▸ Task details: In the copy, include exactly the lines from the one with "Иллюзионист прекрасно работает с публикой" through the end of the data and no others, both ends kept, with every picture left out.

▸ Source information:
§

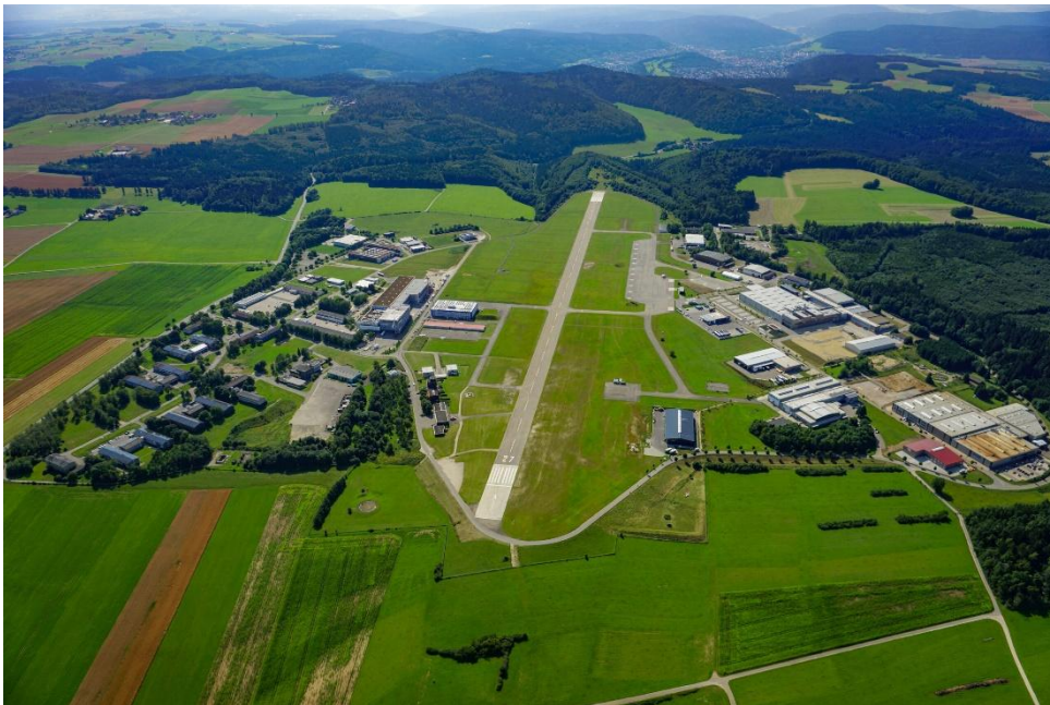
Piloteninformationen Flugplatz Neuhausen ob Eck
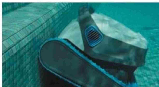
Un robot que limpia su piscina. Su valor en el mercado puede ir desde los $400 mil a $1.500.000.

pertos analizaron las implicancias de esta transformación y advierten sobre los desafíos que plantea.
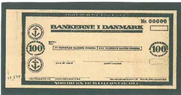
6. Provtryck av resecheck samt modifieringar, av Eskil Verners hand.

hjärta, två spegelvända P. Två ex med nio karbonkopior av brev från 1939 i ärendet med beställaren.
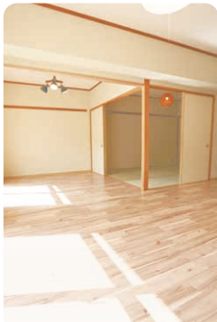
LDK化などの子育て世帯向け改修を施した県営住宅。

阪神間において子育て住宅促進区域を指定し、市町と連携して住宅取得等を重点的に支援。また、県外から阪神間への住み替えを支援します。
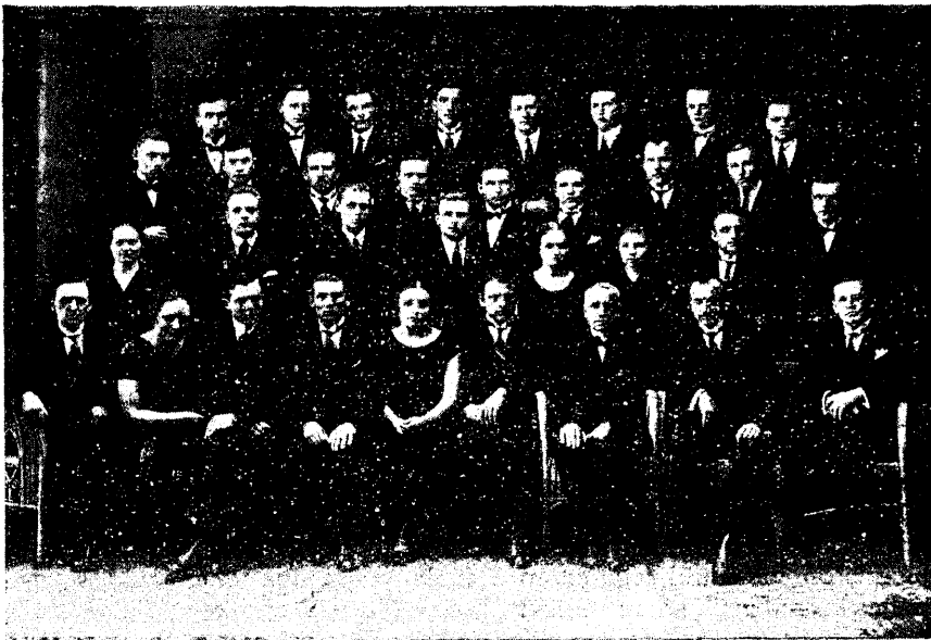
Ülesvõte seltsi 5. aastapäevalt.

mulikkudele, kõigile arusaadavatele alustele, ja kõike seda, mis sellesse „teaduslikku“ raami ei mahu, kõrvaldama kui legendi, müütost, fantaasiategevuse avaldust, subjektiivset illusiooni, rumalust. Näiteks peab ajalugu, mis püüab kõike immanentselt seletada, igasugust transsendentset faktorit eitama. Nõnde peab ka looduste adus looduse kui isoleeritud terviku peale vaatama ja igasuguseid põhjusi otsima ainult siit ilmast.
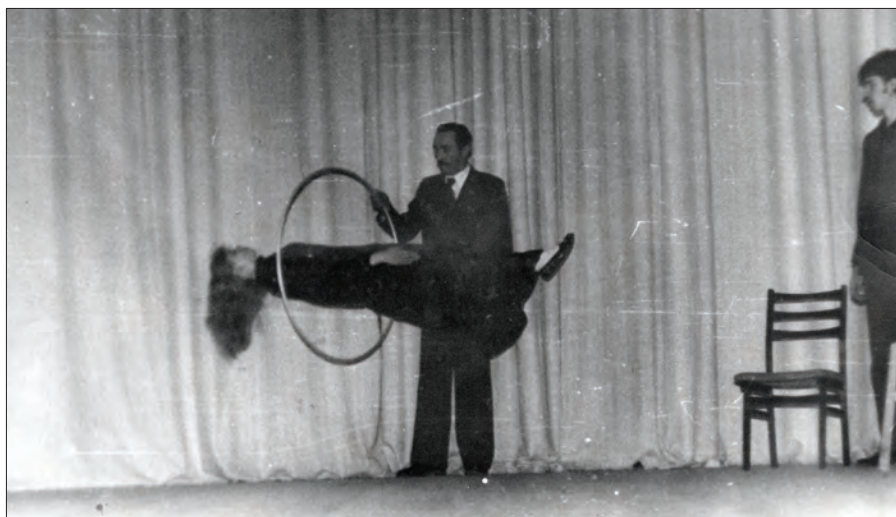
Иллюзионист прекрасно работает с публикой
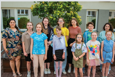
Szkoła Podstawowa im. hetmana Jana Tarnowskiego w Tarnowcu

§

▸ Result:
Иллюзионист прекрасно работает с публикой
Szkoła Podstawowa im. hetmana Jana Tarnowskiego w Tarnowcu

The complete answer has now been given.